Q.     What are the disadvantages of Reaffirmation Agreements?
A.    The following are the disadvantages of reaffirmation agreements:

1.    Instant Liability – A reaffirmation agreement binds you in contract. If you missed payments in the future, it could mess up your new credit, cause you to lose the property, and make you responsible for the balance of the loan.

2.    Approval of Lawyer is Needed – Your lawyer must review and examine all the circumstances and only sign the reaffirmation agreement if he believes it will not inflict an undue hardship on you and your family.  Your lawyer must determine and decide if you are in a good financial position to repay the debt.

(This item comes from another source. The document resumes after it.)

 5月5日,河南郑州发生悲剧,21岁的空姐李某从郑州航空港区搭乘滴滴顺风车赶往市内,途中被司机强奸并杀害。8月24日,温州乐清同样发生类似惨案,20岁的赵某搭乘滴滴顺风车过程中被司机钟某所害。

3.    Approval of the Court is Needed – Reaffirmation Agreement is not accepted until the U.S. Bankruptcy Court approves the terms. Usually, bankruptcy courts are not delighted to let you carry on personal liability when you have already shown that your expenses go beyond your post-bankruptcy income.

Q,    What are the basic considerations when signing reaffirmation agreement?
A.     The following are some tips when signing a reaffirmation agreement:

1.    Try to reduce the principal and interest, or stretch out the payment length.  This is restructuring the payment terms to be more favorable.
2.    You have 60 days to change your mind.
3.    In California, most secured creditors are willing to let you keep making payments without signing a reaffirmation agreement. Chapter 7 Bankruptcy lawyers often refer to this as the KEEP and PAY OPTION or RIDE THROUGH.

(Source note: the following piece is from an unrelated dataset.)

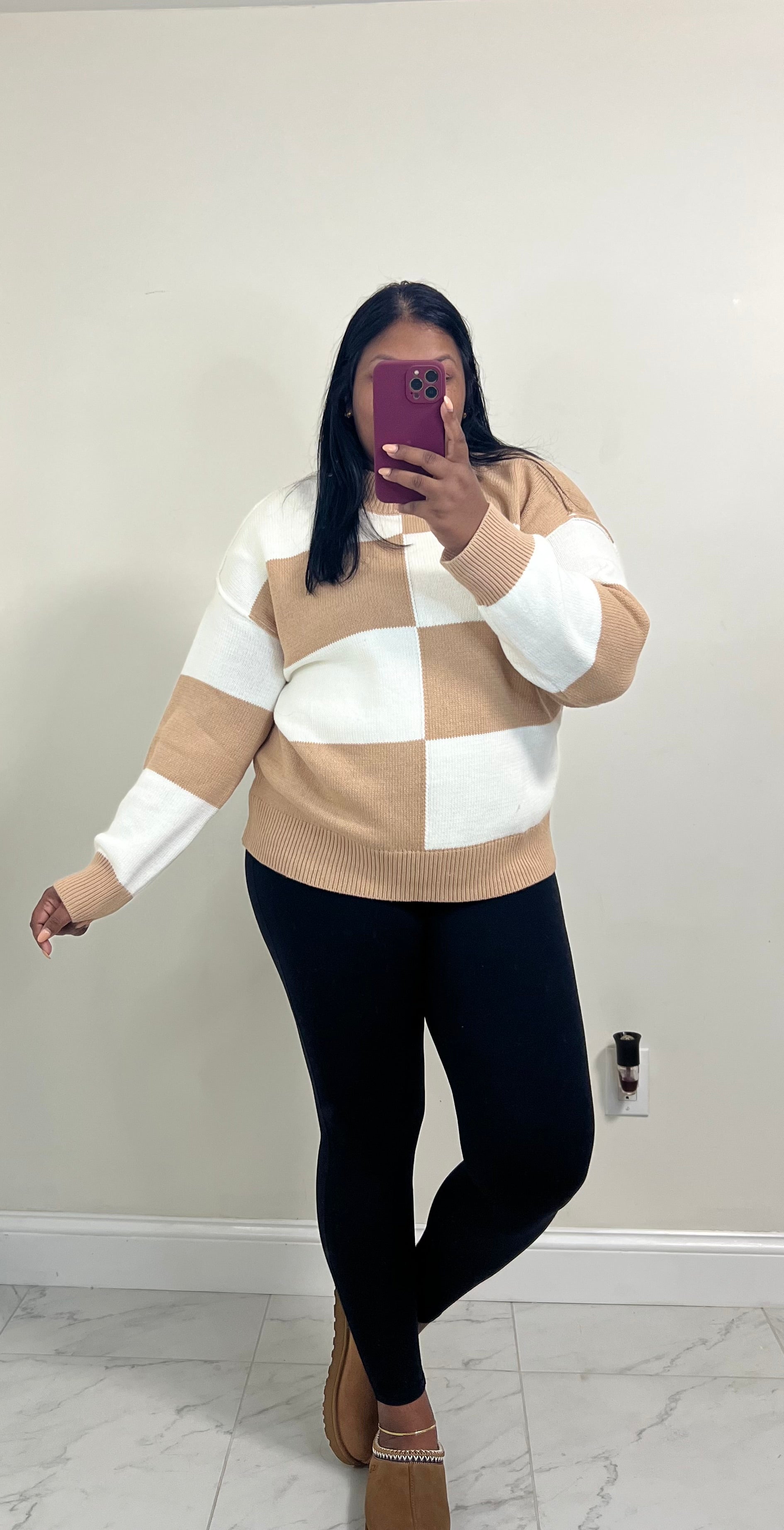 Light Weight Sweater Featuring A Classic Checkered Pattern And Cozy Mock Neck.

Bankruptcy Information you should know:

1.    Unlike other law firm, we provide our client with the information and advice that will help them understand the bankruptcy process at every stages of the case, thereby reducing the anxiety during the process.  Our clients choose us because we response to their concerns proactively and professionally.
2.    The myth that Bankruptcy will ruin your credit for ten years is not true.  After one year in Bankruptcy your credit score will improve and you can borrow again.  Bankruptcy will actually improve your credit within one year because your unsecured debts are discharged.  Although the bankruptcy will be in your records for 10 years, not filing bankruptcy will make your credit even worse until most your debts are paid.
3.    Debt settlement or debt consolidation are expensive and not a guaranteed way to reduce your debt because some creditors will sue you.  It will take three years to complete and your credit will become worst during that period.  In bankruptcy the debts are discharged within three months.
4.    If you are being sued by your creditors, most money judgment can be eliminated in bankruptcy.
5.    Collection actions continue and you can be sued if you are in debt settlement.
6.    Chapter 7 will eliminate all unsecured debts.  If you are near retirement age, you must eliminate most of your debts.
7.    Bankruptcy will stop foreclosure actions.  If your trustee sale date is 10 days before, you can still file for bankruptcy.
8.    If your salary is being garnished, you have a court case about debts or you are being harassed by creditors, bankruptcy can stop garnishment, court cases, harassing creditors and eliminate the debt.
9.    Bankruptcy is cheaper, faster and safer than debt settlement which has no guaranteed success.
10.    Preserve your health, eliminate stress and live a happy life by eliminating your debts which is the root of all problems.

Note:    This is not a legal advice and you should consult with a bankruptcy  attorney about your case.